Now, you’ll notice that I said that I got shot. I did not say Jimmy shot me, because he didn’t. I had hit him very hard, three times, and his finger tightened on the trigger. I hit him because I was starting to feel the initial rage that all but consumed me in that first week or two.
Q: A little earlier you said it was fear.
A: Did I? Fear, rage, what’s the difference? Is there a difference? I don’t know that there is. I rage because I am scared, I am fearful because of my anger. Don’t you see? I had spent a lifetime of being in control. And, for Pete’s sake, please stop interrupting. Just let me tell the story in my own way. I’m sure any little contradictions will be straightened out.

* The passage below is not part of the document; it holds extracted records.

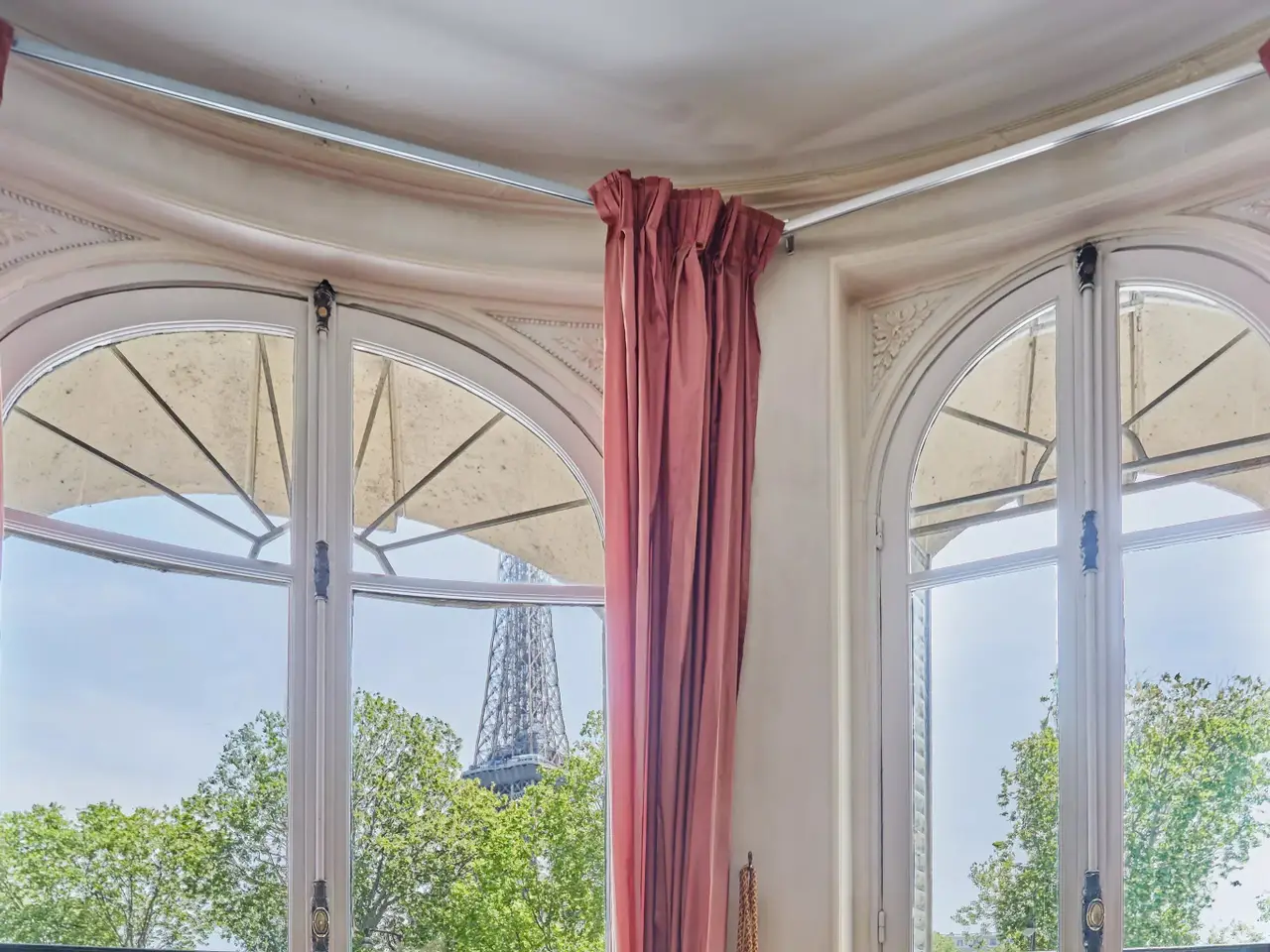Rue Le Nôtre. This superb apartment on the 1st floor of a fine mid 1920’s corner building benefits from a terrace and boasts magnificent views of Trocadero Gardens, the Eiffel Tower and the Seine. It includes a spacious and bright living/reception room, a drawing room, a generously proportioned dining room, a separate kitchen with a pantry, four bedrooms, a bathroom, a shower room and a dressing room. Period features include Herringbone parquet flooring. Renovation is required to exploit the huge potential.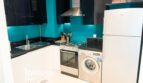 The apartment features a spacious open-plan living and dining area, a fully fitted kitchen with high-quality appliances, and a well-sized bedroom with built-in wardrobes. Large windows allow natural light to fill the space, and a private balcony offers stunning views of the canal and city skyline.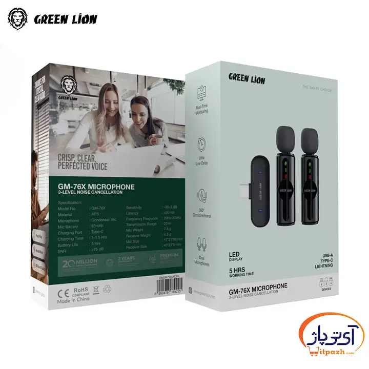 این محصول، با درگاههای اتصال سهگانه خود (USB-C، لایتنینگ، و USB-A)، یک راهحل جامع و همهکاره برای تولیدکنندگان محتواست که با دستگاههای مختلفی کار میکنند. میکروفون GM-76X گرین لاین با طراحی بیسیم یقه ایی، آزادی حرکت را فراهم کرده و با وجود ابعاد کوچک و وزن ۲۰ گرمی، تجربهای حرفهای در ضبط صدا ارائه میدهد. این محصول در بازار تجهیزات جانبی موبایل و کامپیوتر، بهعنوان یک میکروفون دوگانه (شامل دو فرستنده و یک گیرنده) با قابلیت حذف نویز سهمرحلهای، جایگاهی ویژه بهعنوان یک انتخاب هوشمند برای بلاگرها، مدرسین و خبرنگاران به دست آورده است.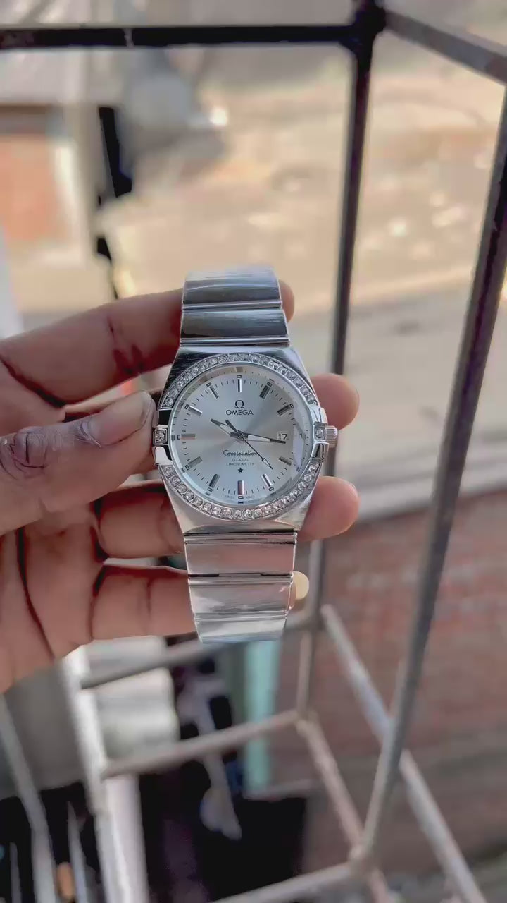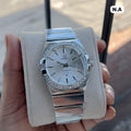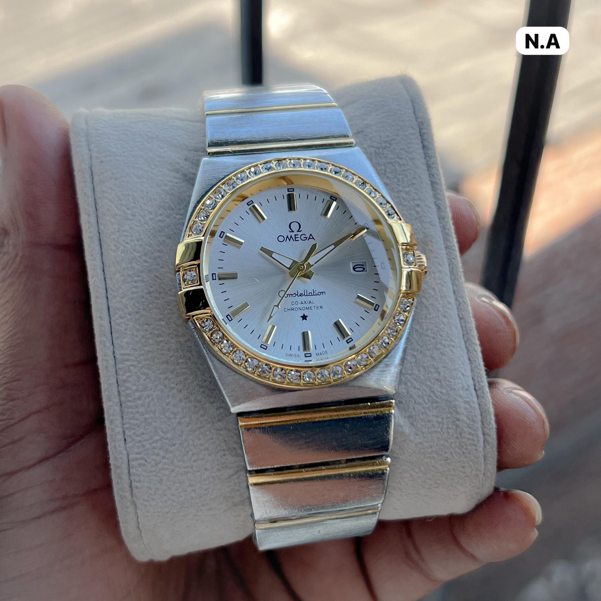 Men’s Omega Constellation Style Analog Watch | Silver & Gold Finish | Crystal Bezel | Stainless Steel Strap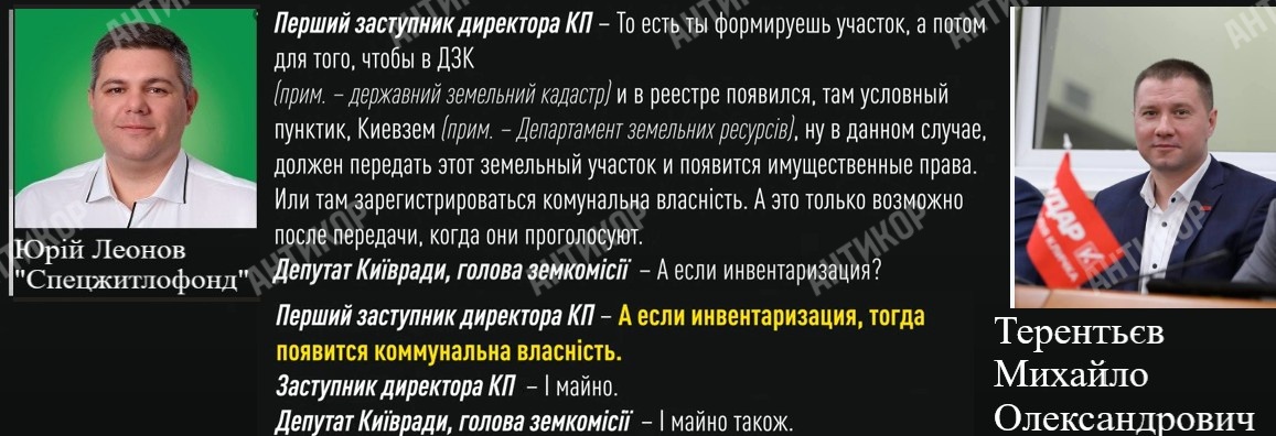 How land moves from municipal ownership to private hands is explained in the intercepted conversation between land commission head Mykhailo Terentyev and KP "Spetszhytlofond" deputy director Yuriy Leonov. Everything genius, as you can see, is simple - you just need to properly draft documents and use your influence.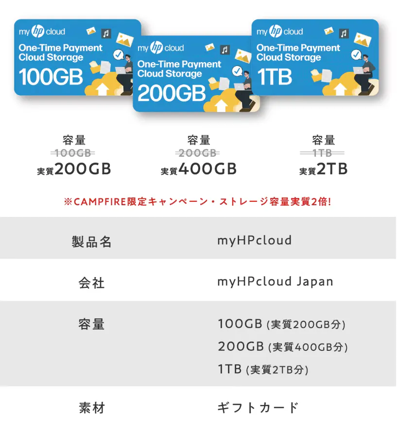 2025/08/29 10:00サポーターの皆様へいつもご愛用いただきありがとうございます。「買い切り型クラウドストレージ myHPcloud」に、待望の新商品が登場しました!本日 8月29日(金)12:10 〜 公開スタート バイバイ生涯サブスク!買い切り型クラウドストレージ大容量3TB・5TBが初登場!たっぷり保存したい方に最適な【3TB】&【5TB】プラン・Campfireにて先行予約販売を開始します。・さらに、各リターンには 追加容量の特典 をご用意。今回だけの限定チャンスです!公開通知を受け取るには、ぜひ 「お気に入り登録」 をお願いします。▶ 商品ページはこちらhttps://camp-fire.jp/projects/810211/view?list=projects_popular皆さまの暮らしに、もっと安心と快適を。今回の新プランを、ぜひお見逃しなく!myHPcloud チーム もっと見る【リターン発送完了のご報告】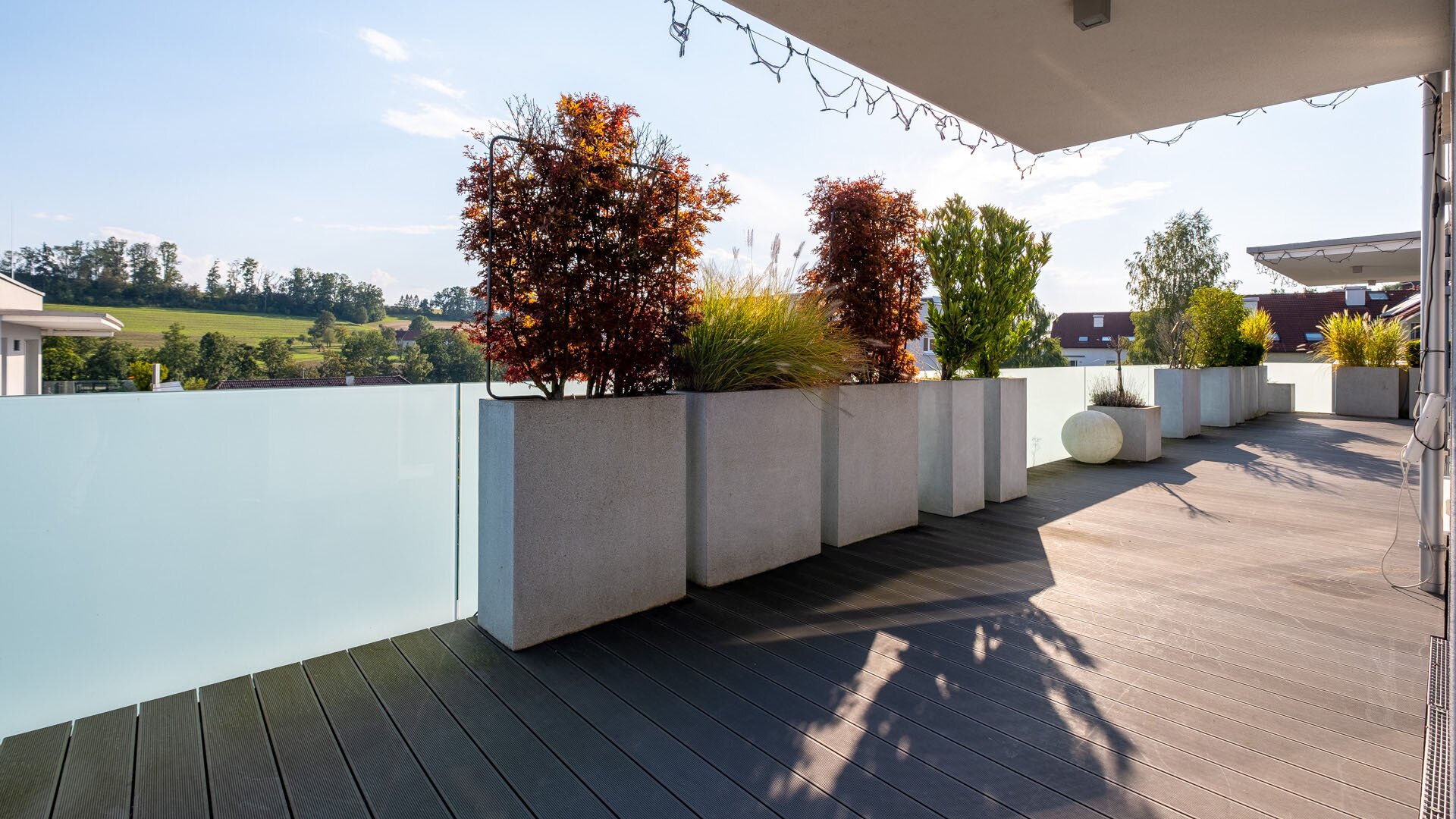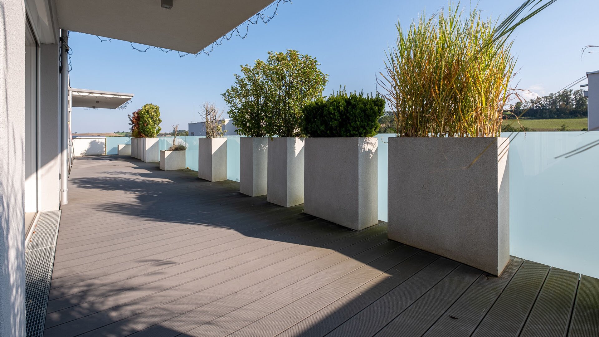 Das Highlight dieser Immobilie ist zweifellos nicht nur die hochwertige Ausstattung, auch die 105m² große Terrasse in alle Himmelsrichtungen, die Ihnen einen atemberaubenden Blick über die Dächer von Neuhofen bietet. Hier können Sie gemütliche Stunden mit Familie und Freunden verbringen oder einfach nur die Ruhe und Idylle genießen. Die Dachterrasse bietet zudem viel Platz für Ihre individuelle Gestaltungsideen, sei es ein gemütlicher Loungebereich oder ein grüner Urban Garden.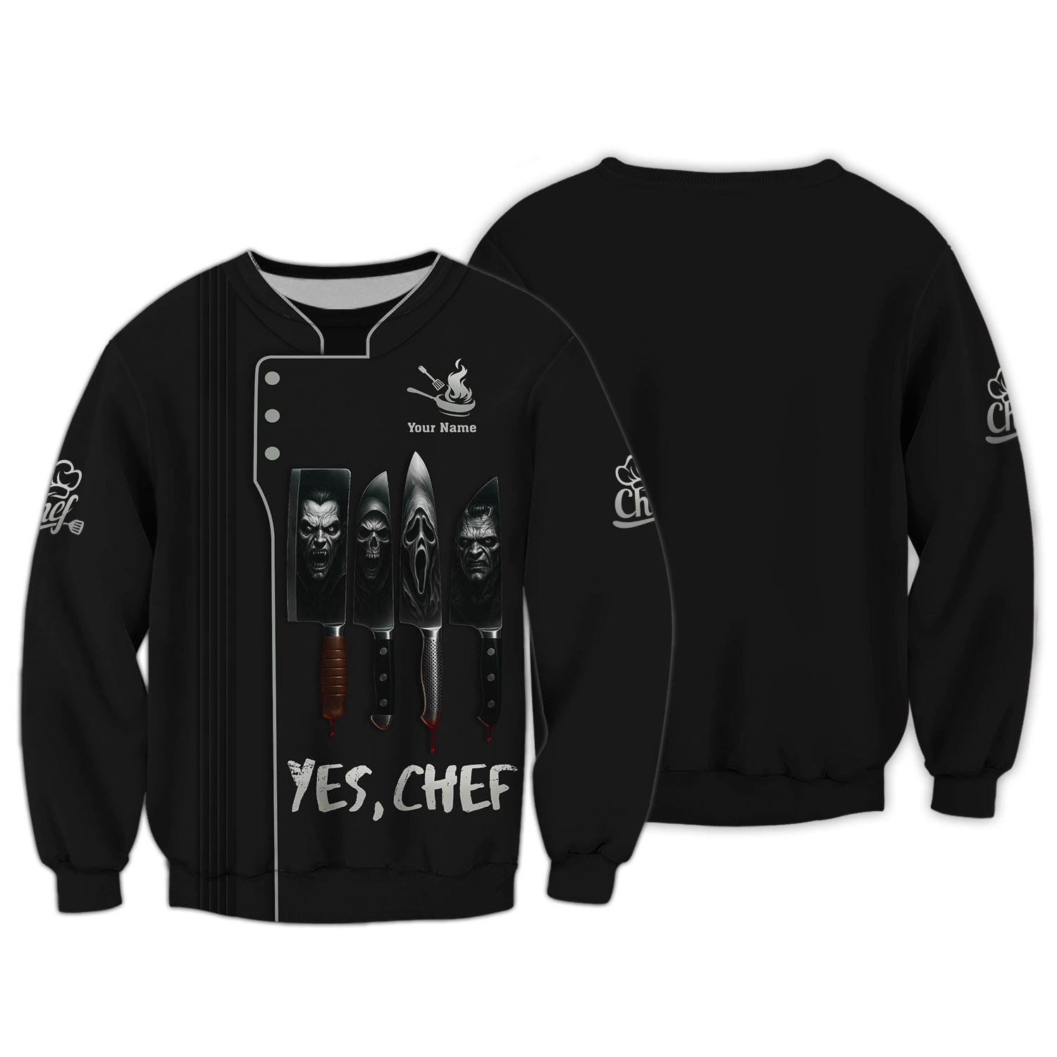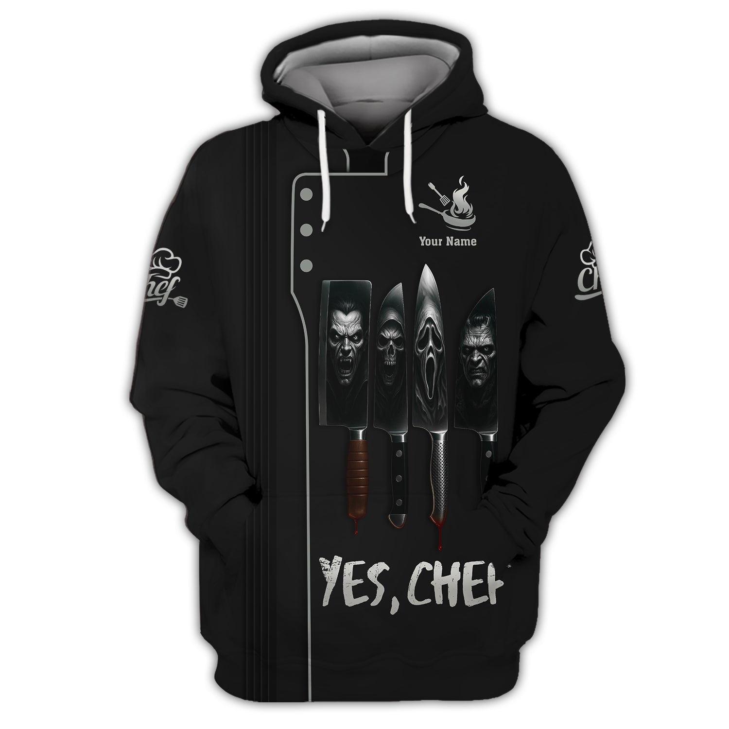 Yes Chef Halloween Outfit For Cooking Lover, Scary Knife Chef Shirt, Horror Chef Uniform For Kitchen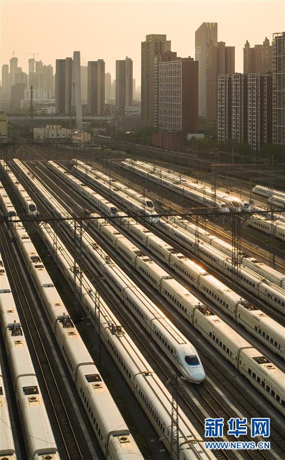 4月7日,在武漢動車段,列車停靠在存車線上(無人機照片)。 新華社記者 肖藝九 攝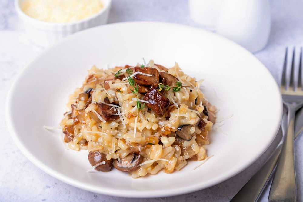 "Risottogrunden kan du göra i god tid i förväg, redan samma morgon. Se till att kyla ner riset snabbt genom att hälla ut det på en plåt eller en stor flat tallrik och låt svalna i rumstemperatur. Ta sedan fram risottogrunden, koka upp den och färdigställ risotton. Tar då max 5 till 10 minuter när gästerna är på plats."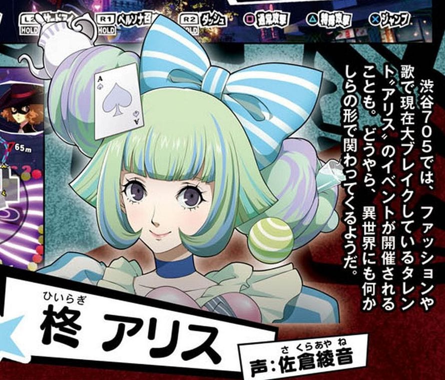 Alice Hiragi is an idol that is becoming successful in both music and fashion. She is going to participate in an event at the Shibuya 705 mall, but apparently she is involved with with the mystery the Phantom Thieves are after.
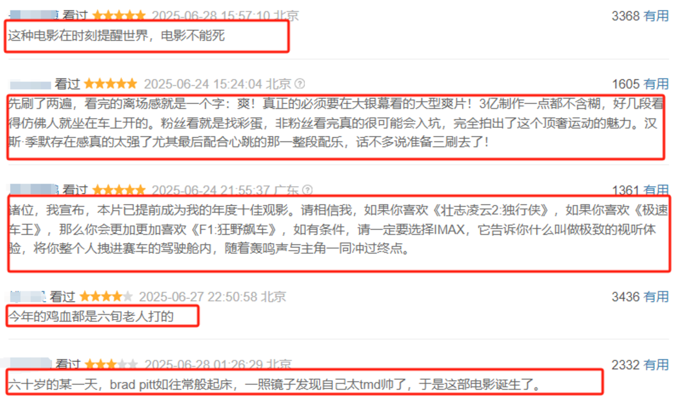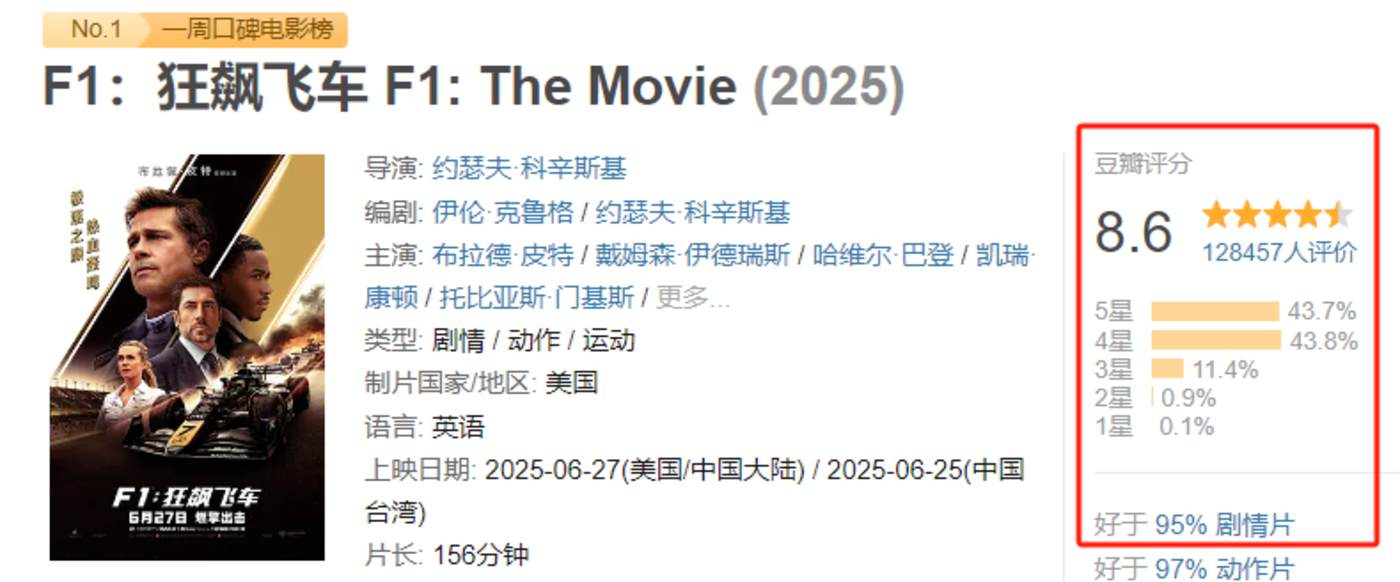 《F1:狂飙飞车》是口碑带动票房飞起的典型案例,截止7月8日,该片国内累积票房1.75亿,场次占比位居第四。其实,《F1:狂飙飞车》刚上映时并没有溅起太大水花,随着口碑发酵和营销传播,才受到更多观众的关注。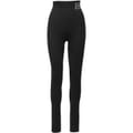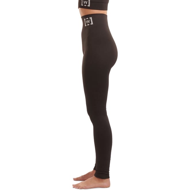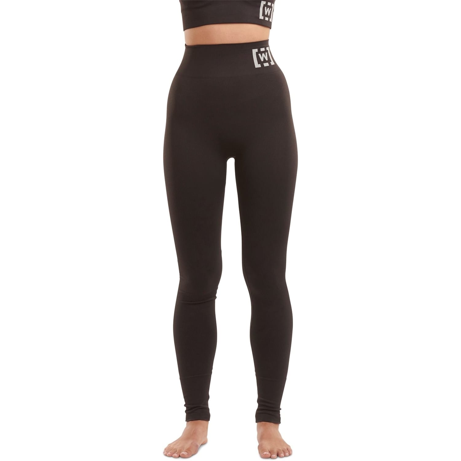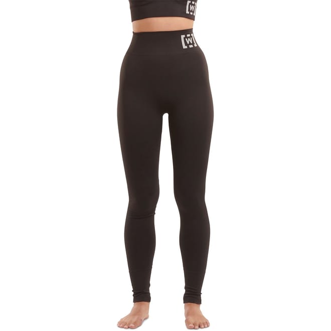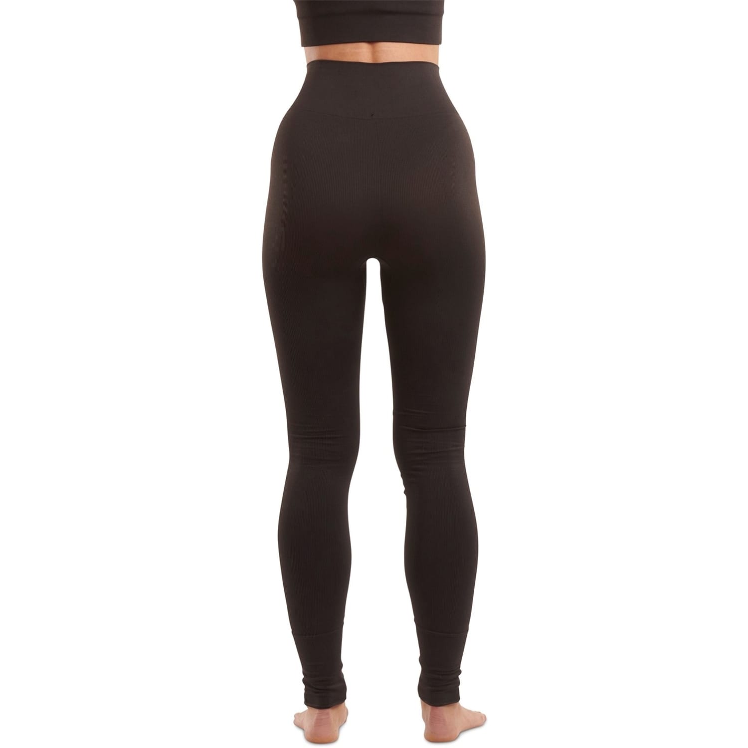 These seamless leggings are high waisted and have an extra long silhouette. Featuring a hardware free, pull on closure and a no rise, stay put cuff. A wide waist band and double layered fabric provide smoothing and subtle support.

After all, what are we but a mess of contradictions?
Q: I only meant –
A: Sod what you only meant. I don’t care what you “only meant”. If I must tell this story, then you butting in every five minutes isn’t going to be helpful. Frankly, I’d rather tell you to sod off completely, but I’m not sure that that’s an option.
A: Right. As I thought. Now, where was I? Ah, yes: Jimmy. I was invited to attend Jimmy’s trial, and condemn him there. Find me one who is without sin, I say. And, to be fair, I was preoccupied with other matters: more on that later.
Mary understood almost immediately that my getting shot was the best thing that could have ever happened to me, regardless of the illness. My Mother, who can be an appalling creature at times, has told me that she thought it was delightful.